Trial Data Warehouse

Coding Guide

↗ Trial Warehouse Introduction | ↗ Codebook

About

The data warehouse has its own set of rules determining how questionnaires and items should be named in the dataset. This ensures that variables measuring the same question or construct have an identical name across trials. This is important to allow for easy and error-free data merges. For variables with factor levels (e.g., sex), it is also essential to follow the coding guidelines to ensure that codes are consistent.

Consulting the coding guide is important when you:

Plan the assessments for a new study. At this stage, you may:
- Eyeball which outcomes were assessed in trials similar to yours, and select questionnaires for which there is already data in the warehouse. This may be beneficial for you and others in the future, for example if you want to do secondary and/or pooled analyses (i.e., IPD Meta-Analyses).
- Check the factor levels of (e.g., demographic) variables in the data warehouse, to streamline your assessments, or assess information in a way that can be easily transformed to conform with the data warehouse. For example, income (inc) is coded as a factor with specific levels in the data warehouse, and you may either assess income as the exact number, or use the same factor levels as are used in the data warehouse.

Prepare the data of a completed trial. If you want to speed up the integration of your data into the warehouse, you may also try to already bring your trial data into the format required for the data warehouse before sending it to us.

To access the documentation, you can either use the protectr R package, or the Airtable Graphical User Interface.

Coding Guidelines

Variable names always follow the same coding scheme: questionnaire_shorthand.assessment_point.iitem_number.

The questionnaire shorthand must conform with the one found in the data warehouse. If a questionnaire is not yet documented in the data warehouse, you can define your own shorthand. As it says in the name “shorthand”, this code should be short.

The assessment point is coded by a number, starting from baseline (0), to post-test (1), follow-up (2), follow-up 2 (3), and so forth.

If you wish to include screening data (which is usually not included), use the code 0_s.

When there were interim assessment (i.e., several assessments during the intervention between baseline and post-test), use underscores and numbering, starting from the previous assesment point, e.g. 0_1, 0_2, 0_3.

If a questionnaire has inverted items, always provide the already inverted data for these items. There is no need to document that an item has been inverted. It should be possible to simply sum up items to get the overall score for a questionnaire, without having to think about inverted items.

Variables which are only assessed at baseline, and consist of only one item, only need the first part of the code. For example, sex is coded as sex, not as sex.0.i1. The number of completed sessions is only “assessed” at post-test/follow-up, and therefore also has no assessment time and item code (sess).

There are a few questionnaires which do not adhere fully to the guide scheme above:
- zuf (CSQ-8).

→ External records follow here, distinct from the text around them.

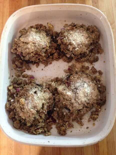 Esta mezcla en las tapas y espolvorear un poco de pan rallado extra o aceite de oliva en la parte superior si lo desea.
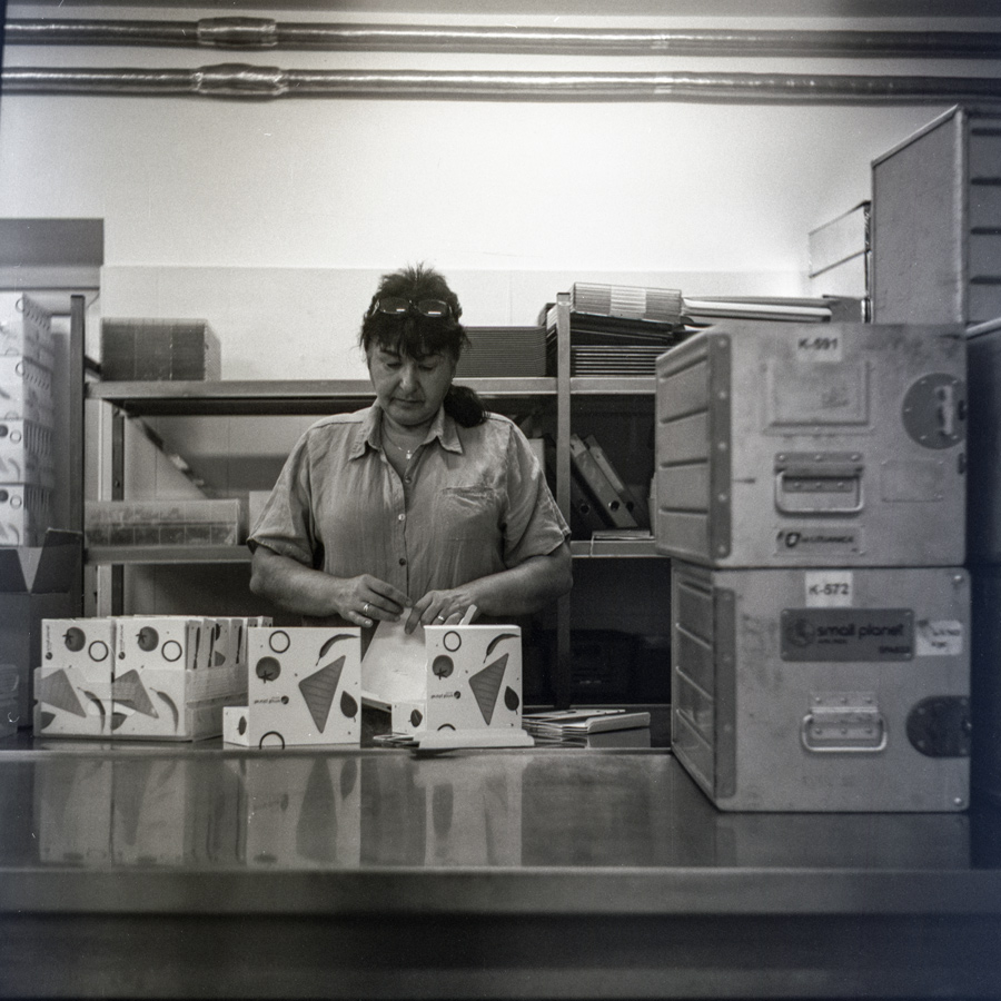 Šį kartą ne tiek ryškinimas, kiek pats fotografavimas rūpėjo, nes aparatą Woltaflex pirmą kartą rankose laikiau. Tikriausiai, sunkiausiai buvo "kadruot" per tą viršutinę "akį". Atrodė, kad aparatą laikau tiesei, bet kai išryškinau, tai vajėėė - ir kur gi aš žiūrėjau! :))) O dar ir žmonės - juda kruta, mandražinasi, o apšvietimo minimumas, bei kol nusireguliuoji ryškumą - žiūrėk - tavo "fotomodelis" - jau kitoj vietoj :)))
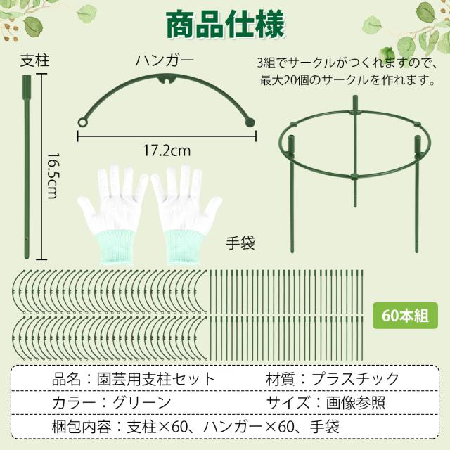 梱包内容:支柱×30/60、ハンガー×30/60、手袋

This questionnaire is conventionally used at post-test. Therefore, the assessment point code is dropped, e.g. item 1 is coded as zuf.i1, the sum score as zuf.
- bfi (BFI-10). This questionnaire assessed personality, and is therefore conventionally used at baseline only. The questionnaire has 5 subscales corresponding with the “Big Five” of personality assessment. In some trials, sum scores for these subscales are provided, for which the assessment point is dropped (e.g., bfi.a for agreeableness). However, for the item-level data, the conventional coding style is used (e.g. bfi.0.i1).

Sum scores of questionnaires only contain the assessment point code, but no item code (e.g. cesd.1 for the CES-D sum score at post-test). Same is also true for questionnaires consisting of only one item which are assessed at several timepoints.

For some questionnaires, it makes more sense to look at the subscales instead of the sum score. For such questionnaires, the subscale is indicated after the questionnaire shorthand, with everything else equal (e.g., eri.r.0.i1).

Factor levels are coded as numbers, starting from zero. If a factorial variable is already included in the data warehouse, factor codes must be absolutely identical to the ones found in the documentation.

If a factorial variable follows a yes/no scheme (e.g., chronic medical condition), “no” must be coded as 0 and “yes” as 1.

IMPORTANT

Although we aim to conform as strictly as possible to the coding guidelines, there can still be cases where exceptions have to be made. The best approach is to directly download a dataset containing the respective questionnaire to see how the coding was done. If you have questions concerning the coding, you can also contact Mathias (mathias.harrer@fau.de).

Data Upload

If you want to have your data stored in the warehouse, please send it to Mathias (mathias.harrer@fau.de), preferrably via secure options such as FAUBox. We will then upload the tidy dataset to the warehouse, where it can be accessed by functions of the protectr package. It is also possible to store the “raw”, uncleaned data in the data warehouse only for you.